The average hydrodynamic size as observed from the DLS measurements was found to be 161.2 ± 13.0 nm for Si-NSs and 193.4 ± 7.1 nm for Si-NCs (Fig. S1a and b†). Furthermore, the d-spacing calculated from the HR-TEM (Fig. 1(c and g)) of 0.26 nm for Si-NSs and 0.22 nm for Si-NCs corresponds to the 311 and 222 planes of Fe₃O₄, respectively.^34–36 The distinct rings in the SAED patterns (Fig. 1d and h) demonstrated the crystalline character of the synthesised Si-MNPs. The presence of the 311, 400, and 440 planes in Si-NSs and the 422, 444, and 844 planes in Si-NCs further confirmed the development of Fe₃O₄ MNPs.^37,38

The crystallite structure of the MNPs was determined to be Fe₃O₄ by XRD analysis (Fig. 1k). The peak positions and relative intensities matched well with the standard Fe₃O₄ powder XRD data, confirming the presence of Fe₃O₄ without any impurities of other iron oxide phases. The zeta potential of the MNPs exhibited a decrease from −13.0 mV to −34 ± 3.2 mV and from −15.0 mV to −37.0 ± 2.1 mV for Si-NSs and Si-NCs, respectively, after silica functionalization. These findings suggest successful silica coating on both types of MNPs, which is crucial for maintaining their stability in blood circulation (Fig. S1c†).^39,40

To further confirm the elemental composition and states of elements in the MNPs, XPS analysis was conducted in the 0–1350 eV region. The survey spectrum of both MNPs indicated the presence of Fe, O and Si elements (Fig. S1d†). Additionally, the high-resolution XPS spectra of Fe 2p and O1s for MNPs revealed characteristic peaks corresponding to Fe⁺² and Fe⁺³ ions, as well as O⁻² and O⁻¹ species respectively, confirming the formation of Fe₃O₄ (Fig. S1e–h†). The silica coating on the MNPs was verified using FTIR analysis (Fig. S1i†). Strong bands attributed to the asymmetric vibrations and in-and out-of-plane bending of Si–O–Si were observed at 1050 and 960 cm⁻¹. Another prominent band at 1225 cm⁻¹ indicated the presence of Si–OH bonds. Furthermore, the band at 570 cm⁻¹ could be attributed to the Si–Fe–O bond, providing additional evidence for the successful silica coating on the MNPs.^41,42,44

After confirming the physical properties of the MNPs, their biocompatibility was assessed using the MTT assay on the normal murine fibroblast cell line L929 (Fig. S2†). Both Si-NSs and Si-NCs demonstrated biocompatibility within the tested concentration range from 62.5 to 1000 μg ml⁻¹ for 24 h, indicating their suitability for use as a therapy module.

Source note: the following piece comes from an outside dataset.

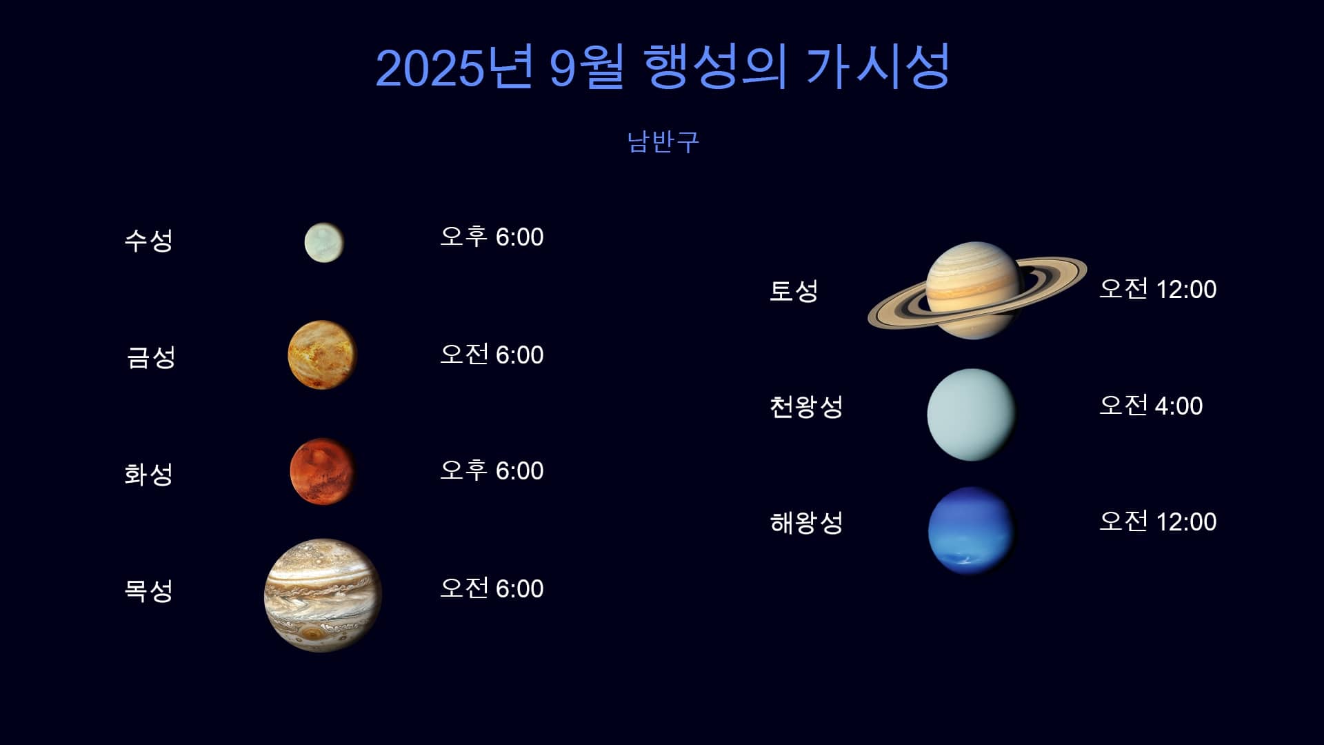 2025년 9월 남반구에서 관측 가능한 행성

2.2. Calorimetric hyperthermia profile of MNPs

To evaluate the calorimetric magnetic hyperthermic potential of the Si-MNPs for the preparation of BacMags, the optimum frequency and strength of the AMF were determined. Aqueous Si-MNP (Si-NS) suspensions at a concentration of 1 mg ml⁻¹ were exposed to various frequencies and field strengths (Fig. S3a and b†). Among all the combinations tested, a magnetic field strength–frequency combination of 375 Oe and 165 kHz was chosen for in vitro experiments, as this combination resulted in a heating profile that fell within the hyperthermic window with the specific absorption rate (SAR) of 107 W g⁻¹. Importantly, this combination also adhered to the biosafety Hf value (Fig. S3c and d†).²¹ It is crucial to note that high values of frequency and AMF amplitude can potentially cause damage to healthy tissues due to the heat generated by eddy currents. Therefore, MNPs should generate sufficient heat within the therapeutic Hf range. As expected, the heat response of the MNPs was dependent on the magnetic field strength and frequency, leading to an increase in SAR with a corresponding increase in H² and f.

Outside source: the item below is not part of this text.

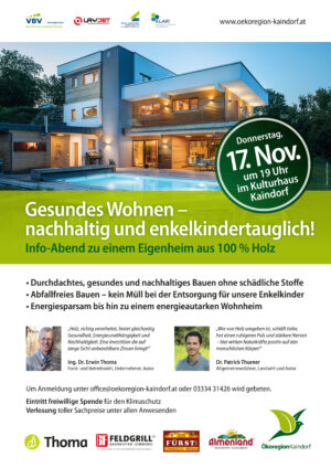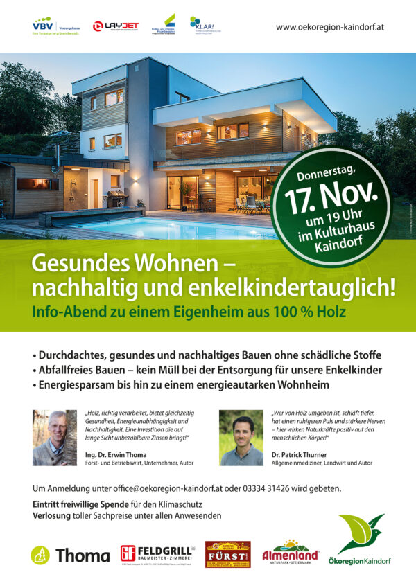 Gesundes Wohnen – nachhaltig und enkelkindertauglich! Informationsabend im Kulturhaus Kaindorf

Furthermore, the impact of concentration on the hyperthermic performance of MNPs was investigated within the range of 0.5 mg ml⁻¹–1 mg ml⁻¹. Fig. S3e† illustrates that temperature rise induced by Si-NCs was twice as higher as that generated by Si-NSs at all the tested concentrations. These findings suggest that the use of Si-NCs, with their enhanced temperature rise, holds promise for an improved therapeutic outcome for MHCT. This significant increase in temperature can be attributed to the higher anisotropy energy exhibited by the cube-like nanoparticles.¹⁷ Anisotropic iron oxide-based nanomaterials, including nanocubes, core–shell nanostructures, and multicore MNPs, have been previously recognized for their exceptional magnetic heating capabilities, displaying specific loss powers significantly higher than those observed with conventional iron oxide nanoparticles utilized for MHCT.

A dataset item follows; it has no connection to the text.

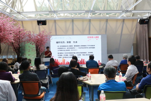 ——到红色育人课堂讲党课实地学。为贯彻学校主题教育领导小组办公室下发的“关于在‘不忘初心 牢记使命’主题教育中认真学习党史、新中国史的通知”精神,马克思主义学院党总支主题党日活动搬到了马克思主义学院与龙华烈士纪念馆共建的红色育人课堂。第三支部书记张国义老师作了“缅怀先烈 不忘初心”为题的党课,追溯了长眠在龙华烈士纪念馆的陈延年、陈乔年及“左联”五烈士的革命事迹与烈士的初心,激励每一位党员要继承革命烈士的遗志,牢记共产党员“为中国人民谋幸福,为中华民族谋复兴”的初心。

In a study by Kakwere et al., thermoresponsive cubic iron oxide nanoparticles were proposed for their potential hyperthermia and chemotherapy applications due to their excellent heat conversion efficiency.⁴⁵ In a recent study conducted by our group, cubic MNPs showed the best heating performance due to their high SAR, making them promising for magneto-chemotherapy on glioma cells.¹⁷ Additionally, Espinosa et al. employed simultaneous stimulation of iron oxide nanocubes with an AMF and NIR laser irradiation, resulting in an outstanding heating efficiency at clinically acceptable irradiation doses and low iron concentrations.⁴⁶

In the present study, Si-NCs exhibited higher heating efficiency compared to Si-NSs, as indicated by the higher SAR values (Fig. S3f†). This characteristic is highly desirable for MNPs intended for use in magnetic hyperthermia applications. Interestingly, increasing the concentration of MNPs did not result in a corresponding increase in SAR. Previous reports in the literature support this observation, suggesting that higher MNP concentrations can lead to increased agglomeration and reduced interparticle distance. Consequently, the power dissipation to the medium is reduced, resulting in a decrease in SAR value.⁴⁵ The highest SAR value of ∼375 W g⁻¹ was achieved for Si-NCs which was more than twice as high as that achieved for Si-NSs at a concentration of 0.5 mg ml⁻¹ MNPs. These findings strongly suggest that Si-NCs hold great potential as hyperthermic agents for MHCT application.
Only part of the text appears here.